- Task statement
When the line containing "Повторение Дайте определение" is found in the data below, give it again along with every later line, exactly; drop the pictures.

- Dataset extract
⁂
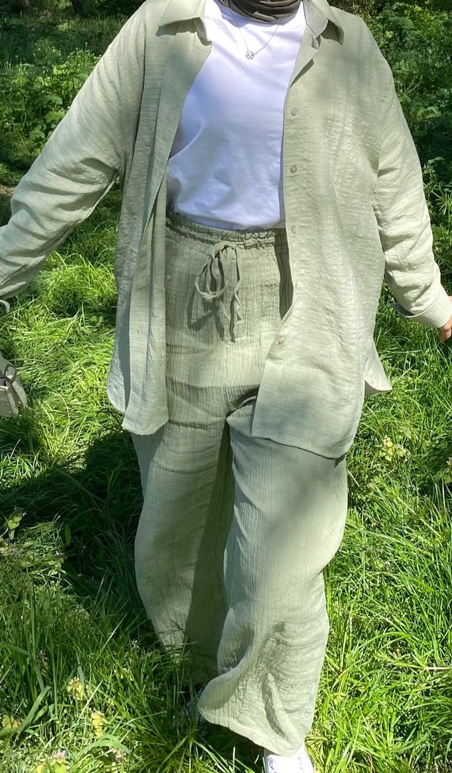 Kadın Keten Rahat Kesim Midi Takım
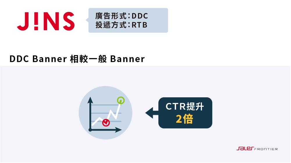 在 DDC(Data Driven Creative)遞送素材的過程中,成果行銷團隊並不針對單一的消費者人口特徵(例如:性別)進行遞送,而是在進行測試之後,依據不同情境遞送合適的客製化廣告給受眾。經過這樣的測試之後,J!NS 也獲得意料之外的數據洞察,在測試過後的市場回饋,最受歡迎的竹細工系列眼鏡,原本的消費者設定是以 40 歲至 50 歲的中年族群為主要對象,但在經過 DDC 動態資料素材廣告 Banner 的數據回饋之後,才發現學生族群、年輕男性是大宗消費者。測試結果的數據洞察也讓 J!NS 在產品設計及行銷策略上能更即時的調整與優化,甚至成為未來開拓市場新客源的重要參考。
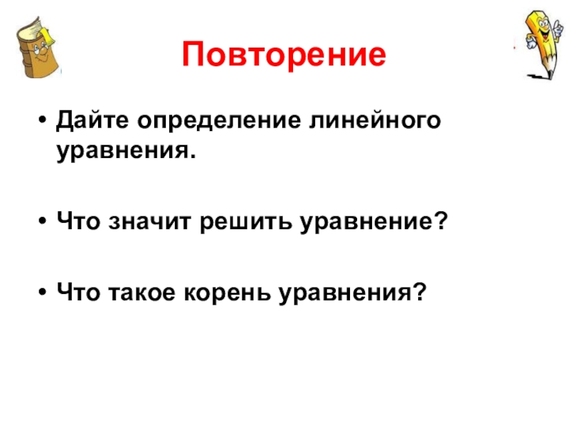 Повторение Дайте определение линейного уравнения.Что значит решить уравнение?Что такое корень уравнения?
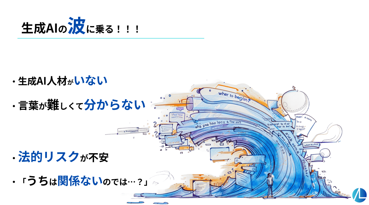 その背景には、「生成AIを使ってどれくらい利益につながるのかイメージしにくい」というのが本音があるように思います。加えて、専用モデルを使うべきか、著作権や個人情報の問題はどうなのか、入力した情報が学習に使われるのではないか——こうした不安や疑問が錯綜していて、様子見になっている企業が少なくありません。
⁂
- Task output
 Повторение Дайте определение линейного уравнения.Что значит решить уравнение?Что такое корень уравнения?
 その背景には、「生成AIを使ってどれくらい利益につながるのかイメージしにくい」というのが本音があるように思います。加えて、専用モデルを使うべきか、著作権や個人情報の問題はどうなのか、入力した情報が学習に使われるのではないか——こうした不安や疑問が錯綜していて、様子見になっている企業が少なくありません。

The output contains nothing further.